Многие также были рабами-христианами, которые, вырвавшись из цепей
неверных, нашли убежище в его стенах; и заключенные
никогда не уставали изобретать и практиковать новые приспособления для облегчения
о беженцах. В частности, рыцарей держал расу большие
и прозорливый собак, которых они тренировались, чтобы выйти и искать тех,
кто мог бы потопить исчерпан на горы не достигают
замок Стен. Инстинкт у этих собак был экстраординарный: мы читаем
об одном христианине, который, спасаясь от своих хозяев, бросился в колодец, когда его преследовали, чтобы не попасть снова к ним в руки. Там его выследил один из этих сторожевых псов,
который, не сумев вытащить его, по крайней мере, спас ему жизнь.
Колодец был сухим, и человек не пострадал при падении,
но непременно умер бы от голода, если бы не преданность собак госпитальеров. В течение многих дней благородное животное приносило ему в
пасти всю долю пищи, предназначенную для его собственного пропитания.
сбросив его в колодец внизу. В конце концов было замечено, что
собака с каждым днём худела, и её постоянные вылазки
после завтрака в одном и том же направлении вызывали любопытство.
Некоторые из гарнизонных слуг отправились посмотреть, что она делает.
Когда правда была раскрыта, человека спасли, а собаке отвели
место в истории ордена, достойным членом которого она себя показала.
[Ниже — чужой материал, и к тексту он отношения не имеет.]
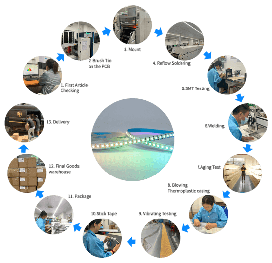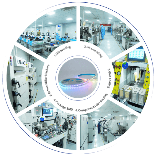 The production process of the strip is standardized, equipped with fully automatic equipment and a dust-free workshop, together with strict aging tests. Extreme environment test (high and low temperature resistance), IP level test, etc.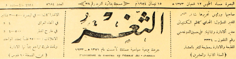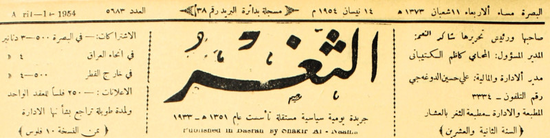 جريدة يومية سياسية عامة = AL-Thaghr : A Daily Newspaper

Найяк был одним из самых выдающихся великих мастеров того
периода и считался защитником всех христиан
государства Востока. Он спас Кипр от ужасов гражданской войны
бескорыстным и разумным вмешательством; и в его время,
как говорит Верто, «ни одно пиратское судно не осмеливалось приближаться к
побережью Ликии. Его везде признавали самым могущественным
христианским правителем Востока; под его командованием в монастыре
на Родосе было более тысячи рыцарей; и большая часть островов
Спорады подчинялась ему. Море было усеяно его кораблями, и родосские суда под его эскортом
галеры, перевозившие товары в каждый порт». Большинство этих кораблей и галер были захвачены у сарацин, которые в конце концов были вынуждены просить о мире и отправили посольство на Родос, чтобы договориться об условиях. Условия мира были выгодны христианам, и среди них не был забыт Иерусалим. Было оговорено, что Святая Гробница должна быть
окружена стенами и что шесть рыцарей ордена должны
получить право на проживание неподалёку, без уплаты налогов, и
возможность принимать паломников в своём доме, как и прежде.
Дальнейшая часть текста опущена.